Using the data below, return the stretch from the line that contains "Overall, SPC Singapore’s" through the line that contains "Беспружинный детский матрас", both included, exactly as it stands and nothing beyond it.

Data section>
──────────────────────────────
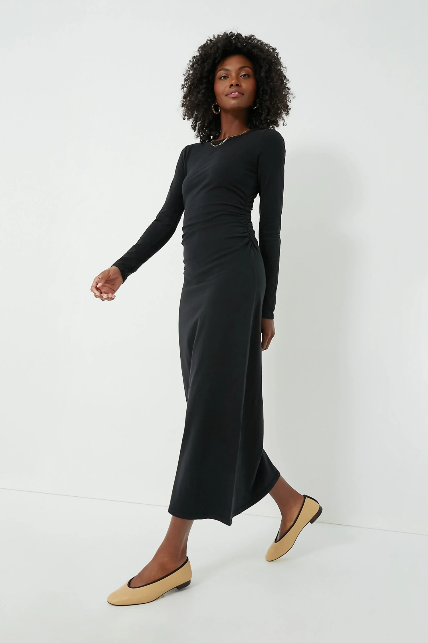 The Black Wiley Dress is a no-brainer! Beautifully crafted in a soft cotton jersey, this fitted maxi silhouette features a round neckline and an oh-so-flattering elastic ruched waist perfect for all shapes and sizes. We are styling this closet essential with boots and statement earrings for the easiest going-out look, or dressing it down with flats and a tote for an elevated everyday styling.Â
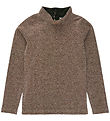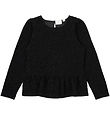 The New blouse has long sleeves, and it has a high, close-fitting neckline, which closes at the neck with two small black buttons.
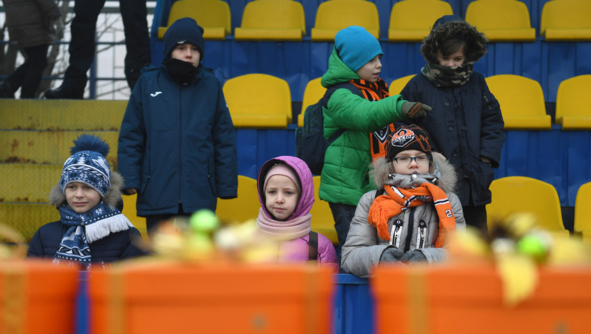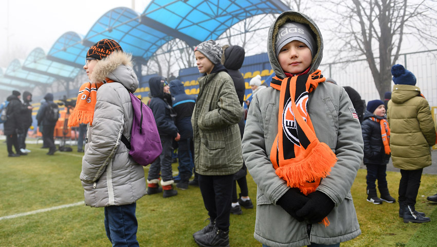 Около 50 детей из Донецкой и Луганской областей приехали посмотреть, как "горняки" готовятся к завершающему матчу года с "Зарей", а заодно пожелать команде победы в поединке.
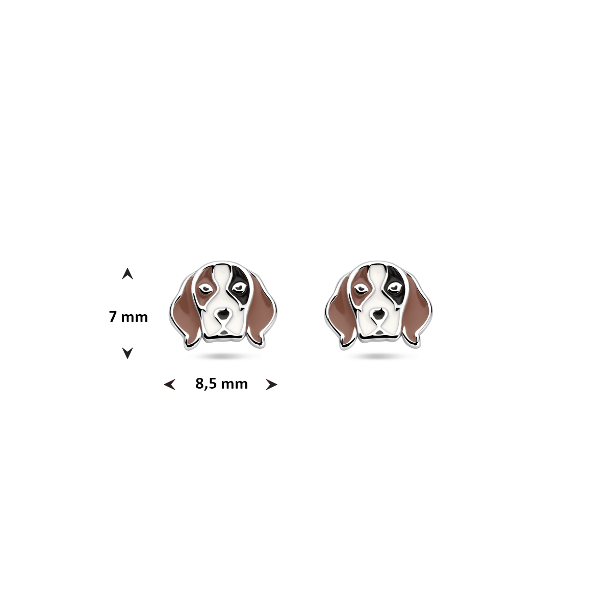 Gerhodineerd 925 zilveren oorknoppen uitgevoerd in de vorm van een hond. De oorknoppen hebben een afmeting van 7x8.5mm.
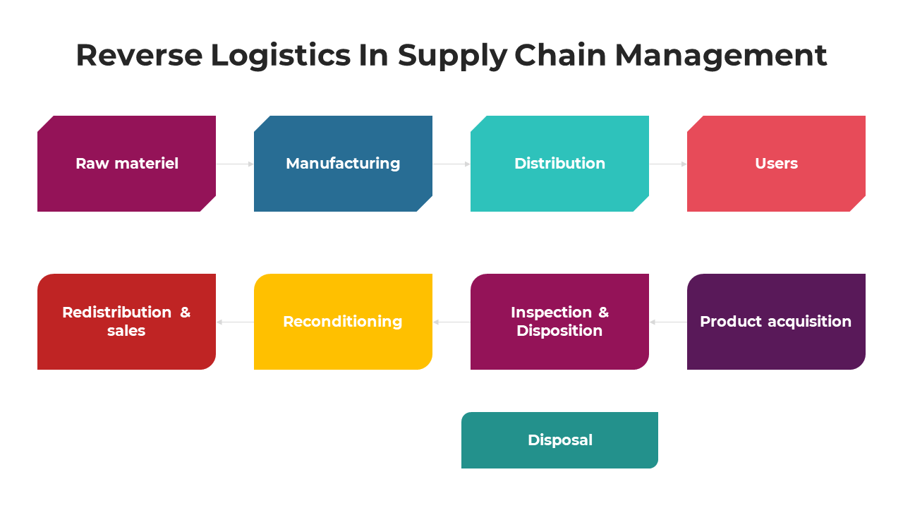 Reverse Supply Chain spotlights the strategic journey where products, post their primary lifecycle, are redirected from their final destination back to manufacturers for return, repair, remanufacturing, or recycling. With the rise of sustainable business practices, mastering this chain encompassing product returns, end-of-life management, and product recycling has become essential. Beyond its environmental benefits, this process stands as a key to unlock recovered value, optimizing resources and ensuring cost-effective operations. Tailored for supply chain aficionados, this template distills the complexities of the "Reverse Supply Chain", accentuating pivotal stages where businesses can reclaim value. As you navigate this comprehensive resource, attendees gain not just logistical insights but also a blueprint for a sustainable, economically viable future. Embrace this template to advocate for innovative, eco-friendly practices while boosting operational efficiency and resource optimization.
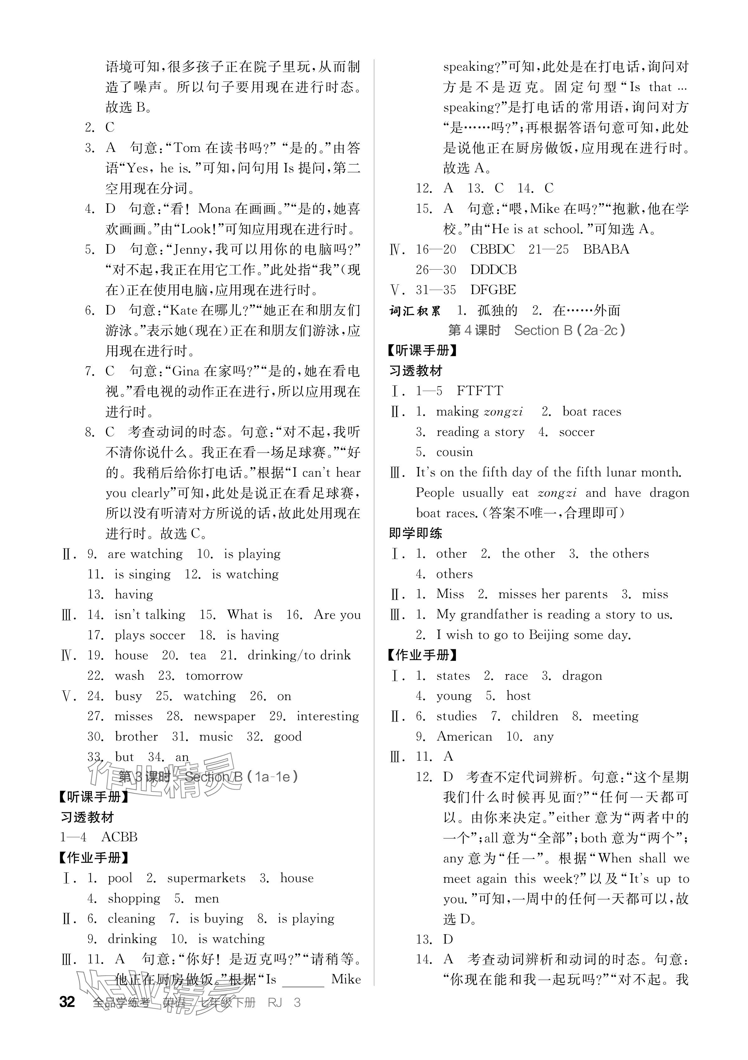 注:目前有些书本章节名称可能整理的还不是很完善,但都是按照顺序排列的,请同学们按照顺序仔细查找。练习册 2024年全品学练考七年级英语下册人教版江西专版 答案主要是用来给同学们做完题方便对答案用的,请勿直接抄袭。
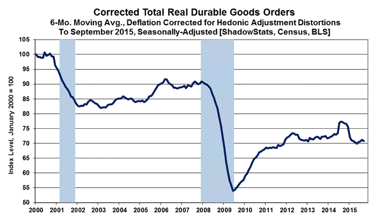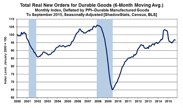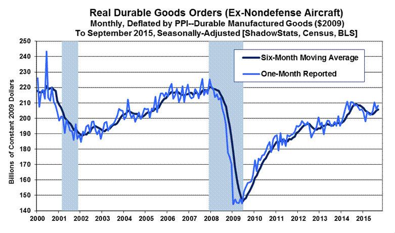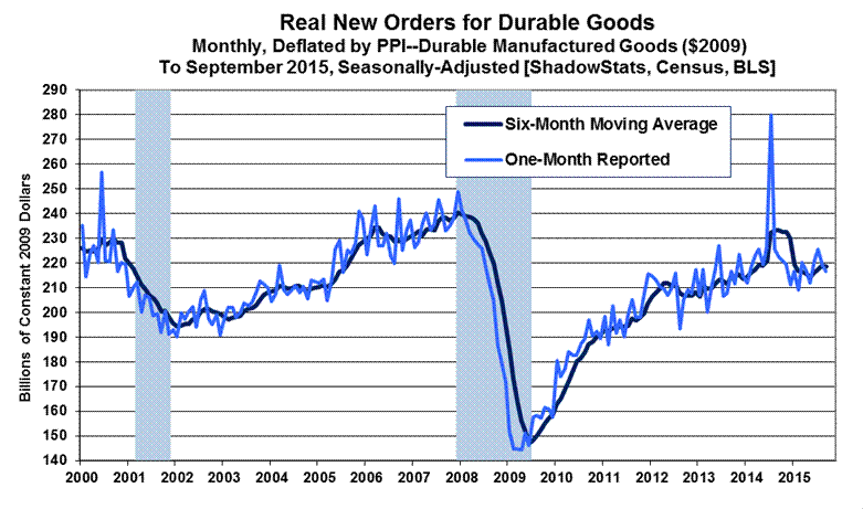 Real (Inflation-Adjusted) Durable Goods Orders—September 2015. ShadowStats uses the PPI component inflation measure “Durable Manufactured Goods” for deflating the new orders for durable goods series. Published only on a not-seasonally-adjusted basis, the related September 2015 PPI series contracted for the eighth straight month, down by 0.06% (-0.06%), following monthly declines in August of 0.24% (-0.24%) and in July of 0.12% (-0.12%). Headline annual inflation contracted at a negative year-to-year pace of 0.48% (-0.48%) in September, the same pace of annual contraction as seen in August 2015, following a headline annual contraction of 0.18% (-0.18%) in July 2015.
──────────────────────────────
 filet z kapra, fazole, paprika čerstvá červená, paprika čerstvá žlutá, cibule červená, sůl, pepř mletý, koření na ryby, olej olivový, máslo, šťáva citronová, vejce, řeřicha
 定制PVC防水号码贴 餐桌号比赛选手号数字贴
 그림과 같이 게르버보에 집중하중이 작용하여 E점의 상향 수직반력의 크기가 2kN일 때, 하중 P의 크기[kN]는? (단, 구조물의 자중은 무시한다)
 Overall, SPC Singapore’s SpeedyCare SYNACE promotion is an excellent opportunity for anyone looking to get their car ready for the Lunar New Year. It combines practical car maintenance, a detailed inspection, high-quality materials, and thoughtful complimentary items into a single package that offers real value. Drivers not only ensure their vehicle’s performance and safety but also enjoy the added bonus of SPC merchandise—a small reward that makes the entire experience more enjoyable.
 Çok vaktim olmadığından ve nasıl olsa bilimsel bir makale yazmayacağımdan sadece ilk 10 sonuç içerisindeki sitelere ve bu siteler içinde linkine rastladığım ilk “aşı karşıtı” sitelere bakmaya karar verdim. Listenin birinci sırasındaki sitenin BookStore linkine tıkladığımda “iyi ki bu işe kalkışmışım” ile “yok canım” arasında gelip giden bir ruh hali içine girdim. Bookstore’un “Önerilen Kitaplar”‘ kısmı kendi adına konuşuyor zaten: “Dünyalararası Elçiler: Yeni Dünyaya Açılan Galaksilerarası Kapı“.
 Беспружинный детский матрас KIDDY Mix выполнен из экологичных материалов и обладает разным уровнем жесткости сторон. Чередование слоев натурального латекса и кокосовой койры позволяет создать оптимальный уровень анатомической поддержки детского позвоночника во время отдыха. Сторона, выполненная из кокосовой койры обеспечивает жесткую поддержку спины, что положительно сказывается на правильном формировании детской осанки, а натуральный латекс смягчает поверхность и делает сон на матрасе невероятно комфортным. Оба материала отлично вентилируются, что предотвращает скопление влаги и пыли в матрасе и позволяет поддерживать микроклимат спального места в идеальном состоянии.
──────────────────────────────
Answer box>
 Overall, SPC Singapore’s SpeedyCare SYNACE promotion is an excellent opportunity for anyone looking to get their car ready for the Lunar New Year. It combines practical car maintenance, a detailed inspection, high-quality materials, and thoughtful complimentary items into a single package that offers real value. Drivers not only ensure their vehicle’s performance and safety but also enjoy the added bonus of SPC merchandise—a small reward that makes the entire experience more enjoyable.
 Çok vaktim olmadığından ve nasıl olsa bilimsel bir makale yazmayacağımdan sadece ilk 10 sonuç içerisindeki sitelere ve bu siteler içinde linkine rastladığım ilk “aşı karşıtı” sitelere bakmaya karar verdim. Listenin birinci sırasındaki sitenin BookStore linkine tıkladığımda “iyi ki bu işe kalkışmışım” ile “yok canım” arasında gelip giden bir ruh hali içine girdim. Bookstore’un “Önerilen Kitaplar”‘ kısmı kendi adına konuşuyor zaten: “Dünyalararası Elçiler: Yeni Dünyaya Açılan Galaksilerarası Kapı“.
 Беспружинный детский матрас KIDDY Mix выполнен из экологичных материалов и обладает разным уровнем жесткости сторон. Чередование слоев натурального латекса и кокосовой койры позволяет создать оптимальный уровень анатомической поддержки детского позвоночника во время отдыха. Сторона, выполненная из кокосовой койры обеспечивает жесткую поддержку спины, что положительно сказывается на правильном формировании детской осанки, а натуральный латекс смягчает поверхность и делает сон на матрасе невероятно комфортным. Оба материала отлично вентилируются, что предотвращает скопление влаги и пыли в матрасе и позволяет поддерживать микроклимат спального места в идеальном состоянии.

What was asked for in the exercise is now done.